C’è chi apprezza la calma e il silenzio della campagna
dove ancora la gente trova il tempo di conversare e sono
vivi i valori veri che esulano dal “dio del denaro” della
città.
Questo non vuol dire che non si dia valore ai soldi, ma si
vuole precisare che in campagna ci sono cose che gli
abitanti del centro non potranno mai permettersi anche
spendendo tutti i soldi del mondo: l’aria pulita che si
respira, la natura che ti avvolge con i suoi profumi e colori, il cibo sano che proviene dal
lavoro della propria terra. Il fruscio rilassante delle foglie, il cinguettio delizioso degli uccelli,
l’aria pulita e il profumo di verde, l’essere lontano dal rumore e dai problemi della città…
Tutti questi motivi spingono tantissime persone a vivere in campagna.

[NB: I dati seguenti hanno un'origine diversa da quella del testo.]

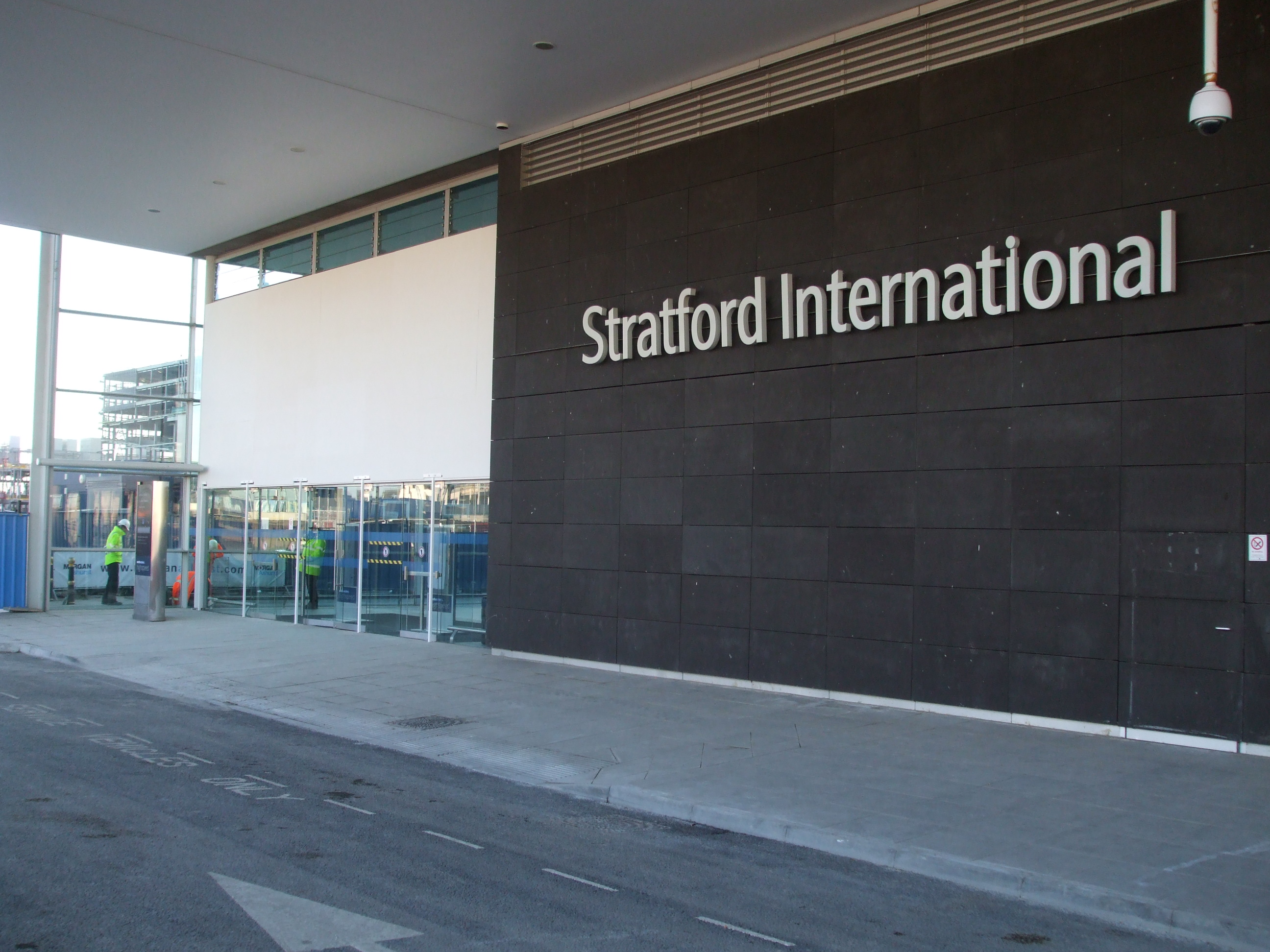 Stratford International station entrance, a few days after opening for (initial) Southeastern High-Speed domestic services.

Ma qual è il vero vantaggio di coloro che vivono in campagna rispetto a chi vive in città?
Anche le persone che vivono nelle zone rurali hanno le stesse aspirazioni di quelle che vivono
una vita cittadina, ma evidentemente, mettendo a confronto i pro e i contro hanno optato per
la vita di campagna, magari un po’ svantaggiosa per certi versi (come la mancanza di negozi
o scuole, la distanza dei servizi…), ma certamente favorevoli alla mente e alla salute, infatti il
cervello di chi vive in città funziona diversamente da quello di chi vive in campagna.
Lo testimonia una ricerca di studiosi tedeschi dell’università di Heidelberg, pubblicata dalla
rivista “Nature” e oggi ripresa dal quotidiano inglese “Guardian”.

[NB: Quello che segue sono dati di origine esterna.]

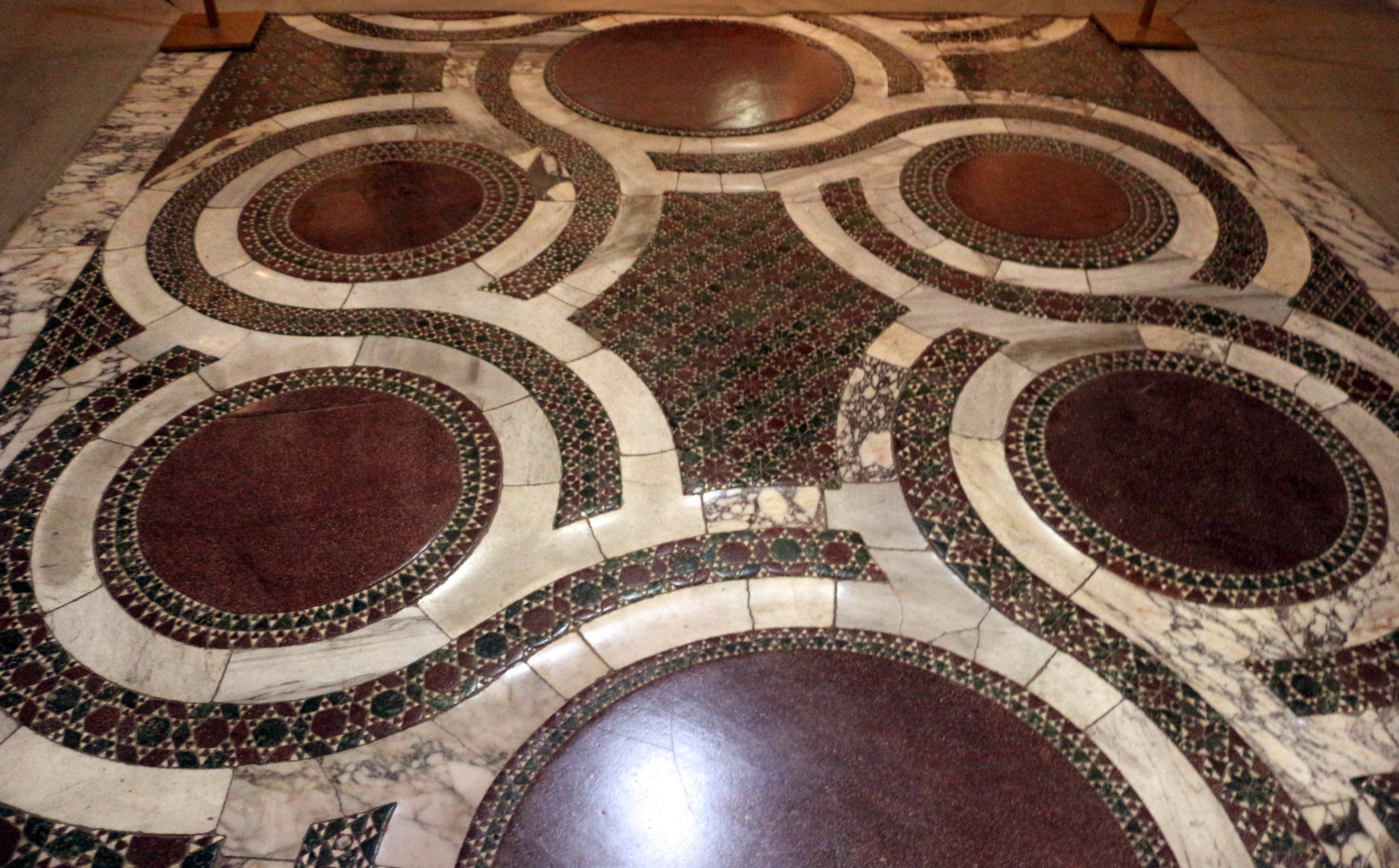 Sancta Sanctorum (Rome)

Analizzando con lo scanner il cervello di alcuni volontari, i ricercatori hanno scoperto che
nella gente di città le regioni celebrali che regolano le emozioni e l’ansia sono iper-attive, al
contrario della gente di campagna.
Questa scoperta spiega perché la popolazione urbana tende ad avere maggiormente problemi
mentali, dalla depressione alla schizofrenia, rispetto a coloro che vivono in campagna.

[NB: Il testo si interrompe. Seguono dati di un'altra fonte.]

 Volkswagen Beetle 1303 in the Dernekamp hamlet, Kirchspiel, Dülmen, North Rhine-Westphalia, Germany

Poiché si pensa che entro il 2050 il 70% della popolazione mondiale vivrà in città, ricerche di
questo tipo possono aiutare a pianificare le città del futuro in modo che siano meno motivo di
ansia o stress.
Gli elementi che li provocano (e quindi da ridurre) sono principalmente tre:la frammentazione
sociale, il rumore e il sovraffollamento.
Nessuno vuole vivere in perenne stato di ansia, questo è vero… molta gente preferisce però
vivere in città forse perché essa offre più emozioni oltre che più opportunità di lavoro?
Anche l’immagine idilliaca della campagna ha il suo lato negativo.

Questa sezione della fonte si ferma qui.